I am extremely new to both CellProfiler and ImageJ and was hoping to measure the fluorescence intensity or pixel intensity of the cell membrane of individual cells. What is the best way is the best way to go about this? In previous papers I have read, certain people have been able to trace the cell membrane in ImageJ with the freehand tool and measure the intensity of the perimeter in ImageJ. However, I am not sure how they were able to do this because when I use the freehand tool, it appears that it is measuring the area within the drawn lines - not measuring the intensity of the pixels of the perimeter.
Currently, I am working with yeast cells stained with Filipin III (fluorescent under the DAPI channel) that has been localized to the plasma membrane. I have attached an example of a tif image of the type of images I am currently working with.
The most likely way they did that was to use the Freehand tool followed by Edit > Selection > Area to Line followed by Analyze > Plot Profile. You’ll need to average these values (which are the intensity for each pixel along the perimeter)
Ideally we would try to do these measurements automatically
CellProfiler provides a bunch of Perimeter* metrics, but you’ll have to be careful when detecting the individual cells automatically…
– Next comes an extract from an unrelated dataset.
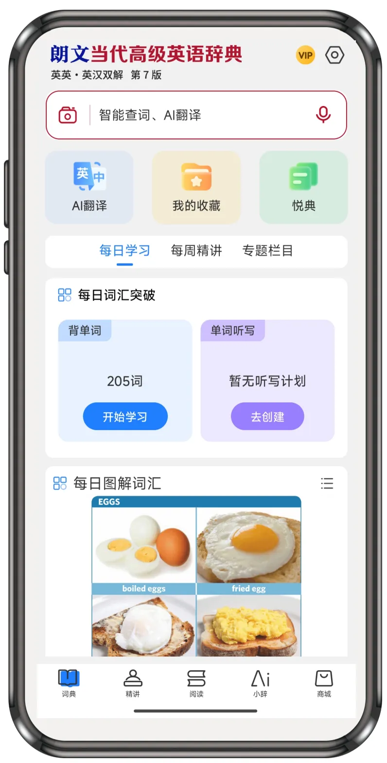 此次打卡活动依托朗文当代高级英语辞典(第7版)APP。说起这个APP,绝对是一个“天花板”级别的智慧查学工具,集权威词典查询、发音评测、精品课程、名著阅读、智能翻译、同步听写、AI背词等各种强大功能于一身(点击此处进一步了解朗7APP)。

The detection of edges of the cell will depend on the intensity of the signal of the cell. And you have some highly verying intensities…
If you want to automate it, you may need to use a secondary marker that does not vary in intensity. and staing the whole yeast. This can then be used to first find the cells automatically, and then use the Fiilipin III channel only to measure that intensity metric you want.
Now onto imaging.
The other thing is that microscopy can be hard to get absolute intensity values. I’d suggest looking into what you can use to normalize your data with an internal control, like for instance, the intensity at the center of each yeast, if that makes sense.
Problem is, intensities are dependent on sample, lamp age, exposure time, extra light around the microscope, etc… and can be hard to relate an intensity to a real concentration. So to use these measurements in absolutes, you should probably create a standards of known Filipin III concentrations so you can build a calibration curve of ìntensity vs concentration.
It depends on the ranges of intesities you expect to have, but I notice that your images show uneven illumination (which is usual for microscopy images). It’s not much, but there is roughly 10 gray levels of difference between the background at the edge of the image versus the background in the center of the image. There are two things you can do.
Acquire images of a Fiilipin III sample (just the dye) to get the field illumination structure and perform flatfield correction
Crop the image to minimize the differences in background illumination.